Running NATS in Production

NATS runs as a single binary with a simple config file:

# nats-server.conf
listen: 0.0.0.0:4222
http: 0.0.0.0:8222

jetstream {
  store_dir: /data/nats
  max_memory_store: 1GB
  max_file_store: 20GB
}

cluster {
  name: production
  listen: 0.0.0.0:6222
  routes: [
    nats://nats-1:6222
    nats://nats-2:6222
    nats://nats-3:6222
  ]
}

A three-node cluster provides high availability. Add a monitoring endpoint at port 8222, and you can query server stats, stream info, and consumer lag with plain HTTP. No separate tools needed for basic operational visibility.

For Kubernetes, the NATS Helm chart handles the cluster setup:

helm repo add nats https://nats-io.github.io/k8s/helm/charts/
helm install nats nats/nats \
  --set config.jetstream.enabled=true \
  --set config.jetstream.fileStore.enabled=true \
  --set config.cluster.enabled=true \
  --set config.cluster.replicas=3

Where NATS Doesn’t Fit

NATS is not the right choice when:

• You need message replay across months or years (Kafka’s log compaction handles this better)
• You’re processing genuinely high volumes — billions of events per day — where Kafka’s partition-based parallelism matters
• You need Kafka Connect or the Kafka ecosystem of connectors for data pipelines
• Your organization already runs Kafka well and adding another broker technology creates more cost than it saves

For fan-out patterns where hundreds of consumers subscribe to the same subject, NATS push consumers are very efficient. For high-throughput analytics pipelines that need guaranteed ordering across many partitions, Kafka’s model fits better.

The Migration Path

If you’re replacing an existing system, NATS offers a bridge mode that can subscribe to Kafka topics and republish to NATS subjects. It’s useful for gradual migration rather than a hard cutover.

For most teams starting from scratch — or replacing ad hoc database polling and Redis pub/sub — NATS JetStream is the first thing to reach for.
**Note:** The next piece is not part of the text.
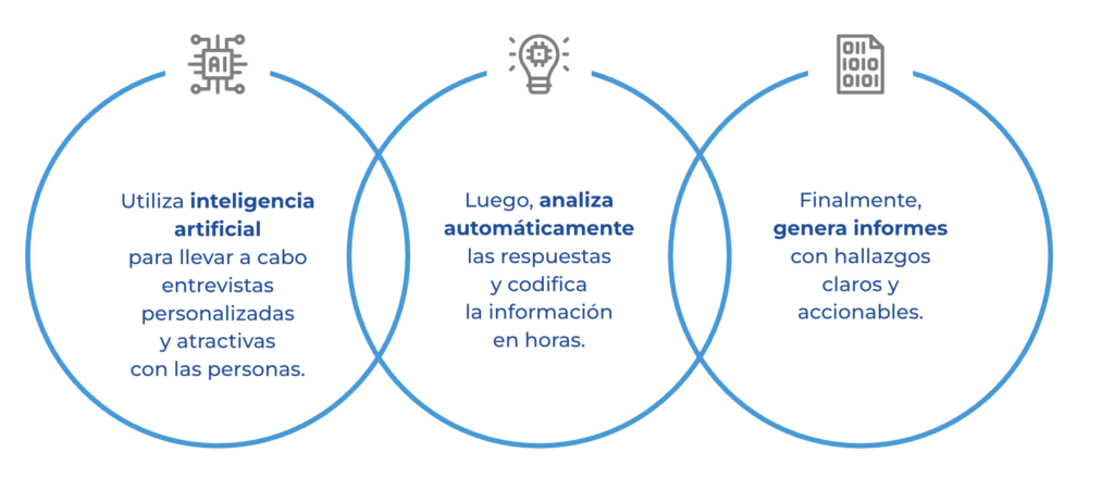 Convierte tus estudios de mercado en conversaciones reales, ágiles y automatizadas impulsadas por inteligencia artificial.

You get persistence, delivery guarantees, consumer groups, dead-letter queues, and a key-value store with a single deployment. That’s a lot of capability for something you can start with brew install nats-server.

The inflection point where Kafka becomes necessary is later than most teams think. If you’re not sure which side of that line you’re on, start with NATS.